Shell scripting is a subset of this with short-lived processes typically
communicating sequentially via a text-based messaging system (particularly
line-oriented, text-based, moderately structured data).

Long-running unix processes communicating with each other or with external
processes via some other mechanism is also an example of the actor model, and
consequently can each be conceived of as "real objects". But they aren't
typically modeled this way or constructed around this concept, so it's more a
post hoc description rather than a deliberate consequence of their design.
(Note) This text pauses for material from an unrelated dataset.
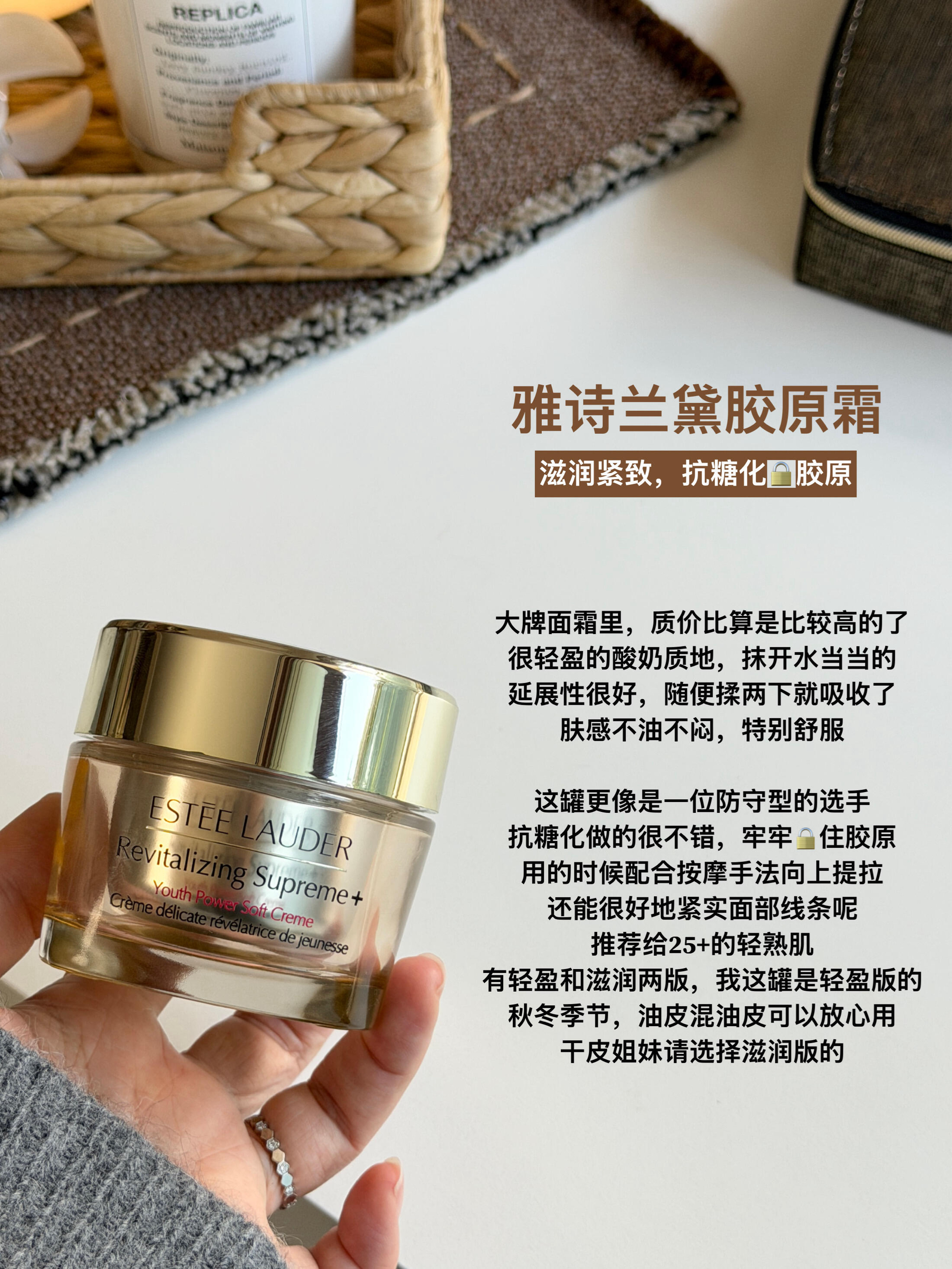 奔三的年纪,守住胶原蛋白真的就是头等大事 胶原蛋白就像是皮肤的“水库”💦 随着随着年纪增长,胶原跟着流失 皮肤逐渐走下坡路,老化就像是开了二倍速一样 松弛垮脸暗沉细纹全都来敲门 粉底涂得再厚都盖不住疲态感 我自己抗老多年,也用过一箩筐胶原面霜 大浪淘沙留下了这三瓶,各有的绝活 值得姐妹们放心把脸给给它们! - 优时颜微笑面霜-不仅给皮肤喂胶原,更深层补充母胶原,紧嫩饱满💦光感 雅诗兰黛胶原霜-滋润...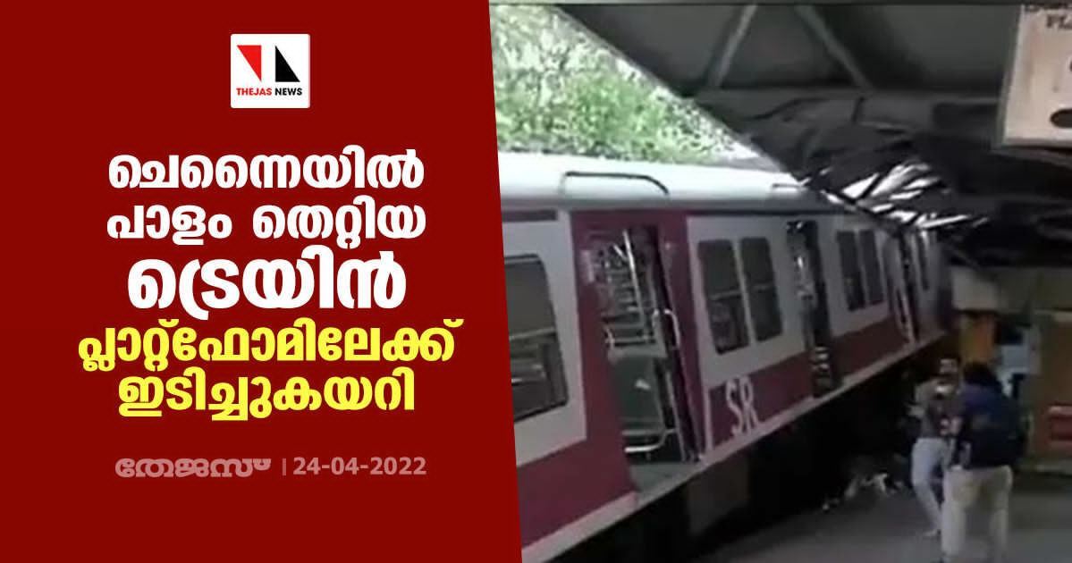 ചെന്നൈയില് പാളം തെറ്റിയ ട്രെയിന് പ്ലാറ്റ്ഫോമിലേക്ക് ഇടിച്ചുകയറി

For "web kiddies", they deal with multiple objects all the time. Their
database is an object (or collection of objects), it responds to queries by
returning information, changing information, storing information. Their web
server is an object responding to HTTP connections, generating session
objects, which deal directly with each browser instance viewing the web
content. Again, not typically modeled in this way, but it's the actor model at
work.

When software is designed in this way, IMHO, it comes out better in the end.
Though perhaps not as performant so sometimes we have to take those designs
and drill down a bit and end up with something slightly different than the
high level model.

------
infinite8s
This is the first interview I've seen with Alan Kay where he discusses some of
his thoughts on AI.

------
sebringj
Was it just me or did Alan say the brain is magic? It's so arrogant of him to
think he believed he understood the brain enough to say he doesn't understand
it so it must be magic. I so love Minsky. Long live Marvin Minksy.